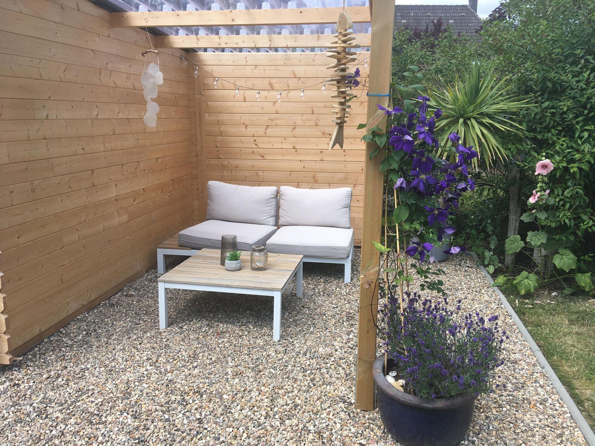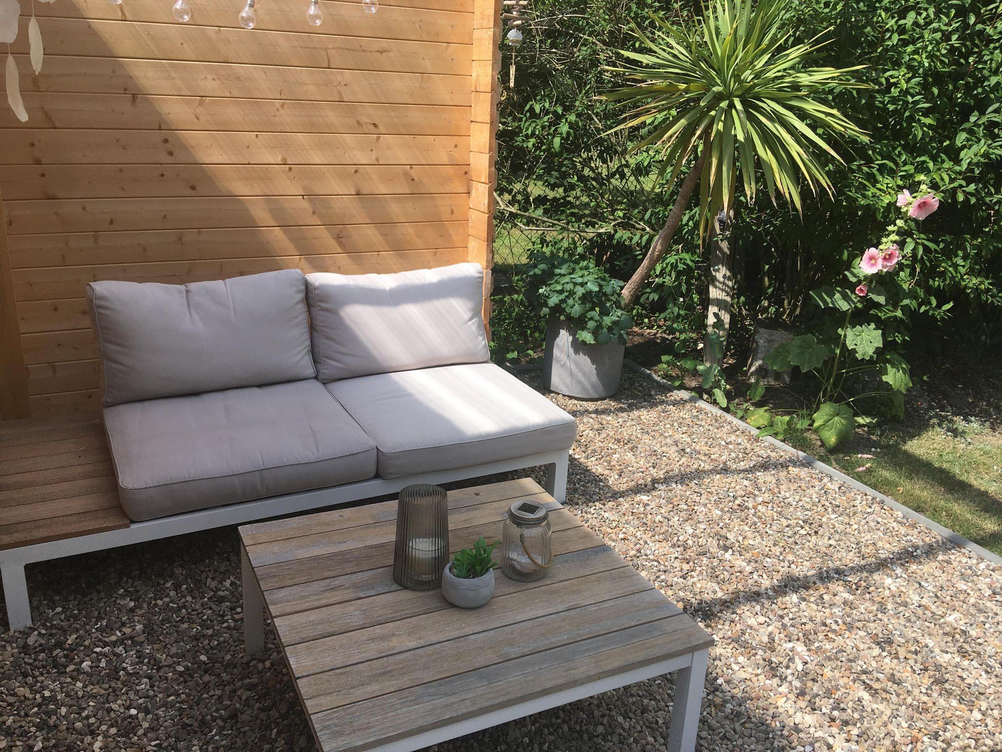 Der Garten mit Gartenmöbeln und Liegen lädt zum Erholen ein.
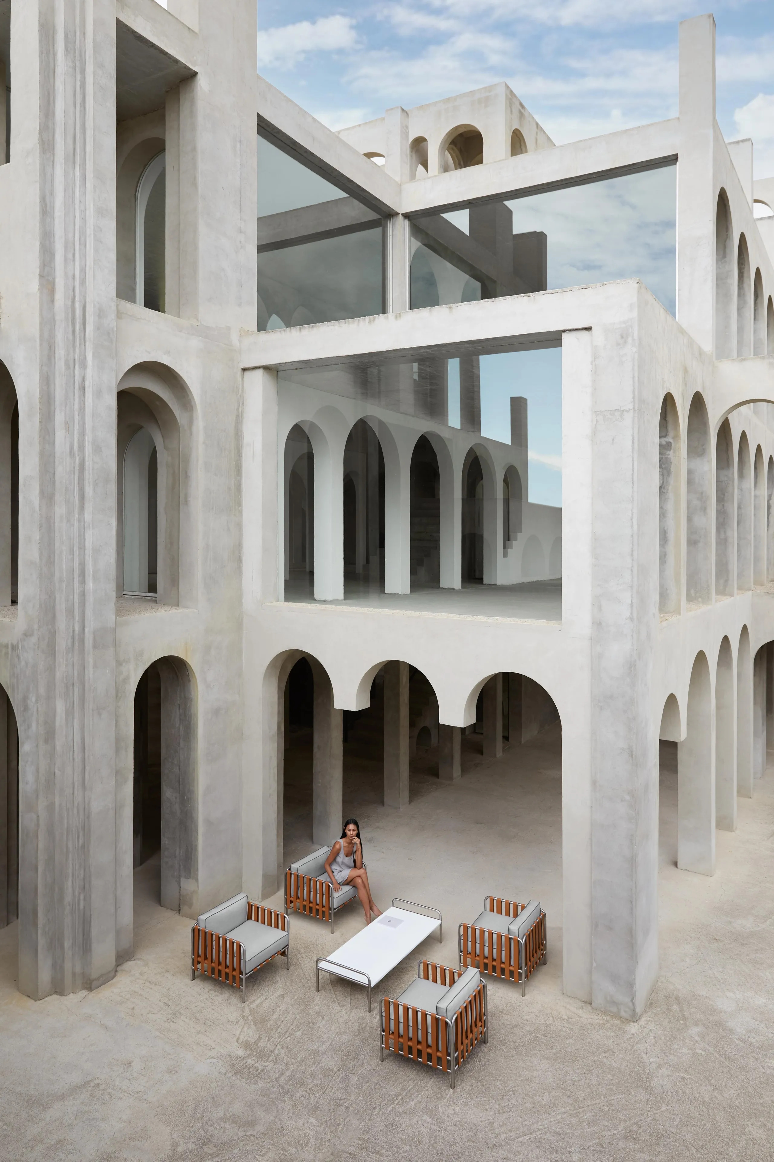 The ONSEN CLUB collection, crafted by Francesco Meda and David Quincoces in collaboration with GANDIABLASCO, offers a blend of timeless design and modern innovation. This range of durable outdoor furniture includes dining armchairs, sofas, lounge chairs, modular seating, and low tables, all designed to withstand various weather conditions. The collection features a harmonious mix of materials such as stainless steel, elastic straps, aluminum, and teak, ensuring both functionality and aesthetic appeal. The geometric and generous lines of the pieces provide versatility, making them suitable for both relaxed and formal settings. A unique aspect of the collection is the use of interlaced leather straps on a stainless steel frame, creating a striking contrast with the metal structure. This combination of lightness and warmth defines the identity of ONSEN, making it an ideal choice for resorts, cafés, restaurants, outdoor event planners, and beachside hotels seeking all-weather outdoor furniture.
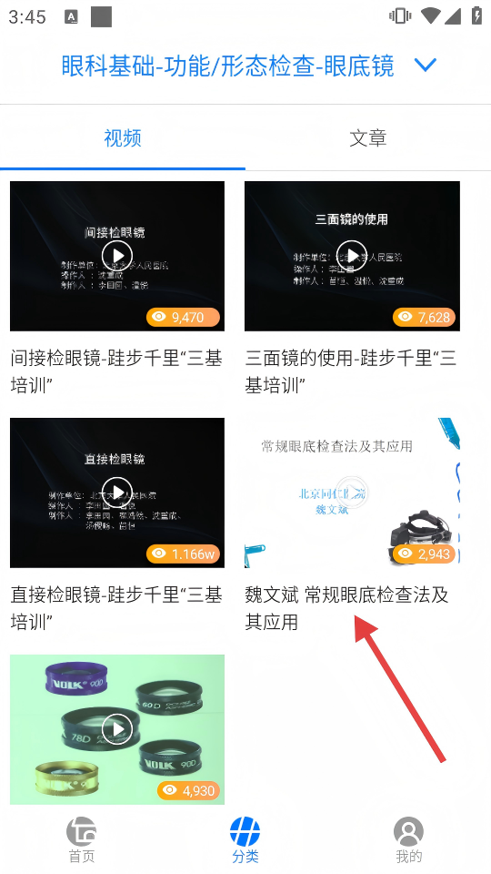 3、在眼底镜分类下,点击目标文章,进入学习详情页。

★ ★ ★ ★ ★

** About this exercise **
Word for word, restate the material above; do not carry over the pictures.

** Exercise result **
 Der Garten mit Gartenmöbeln und Liegen lädt zum Erholen ein.
 The ONSEN CLUB collection, crafted by Francesco Meda and David Quincoces in collaboration with GANDIABLASCO, offers a blend of timeless design and modern innovation. This range of durable outdoor furniture includes dining armchairs, sofas, lounge chairs, modular seating, and low tables, all designed to withstand various weather conditions. The collection features a harmonious mix of materials such as stainless steel, elastic straps, aluminum, and teak, ensuring both functionality and aesthetic appeal. The geometric and generous lines of the pieces provide versatility, making them suitable for both relaxed and formal settings. A unique aspect of the collection is the use of interlaced leather straps on a stainless steel frame, creating a striking contrast with the metal structure. This combination of lightness and warmth defines the identity of ONSEN, making it an ideal choice for resorts, cafés, restaurants, outdoor event planners, and beachside hotels seeking all-weather outdoor furniture.
 3、在眼底镜分类下,点击目标文章,进入学习详情页。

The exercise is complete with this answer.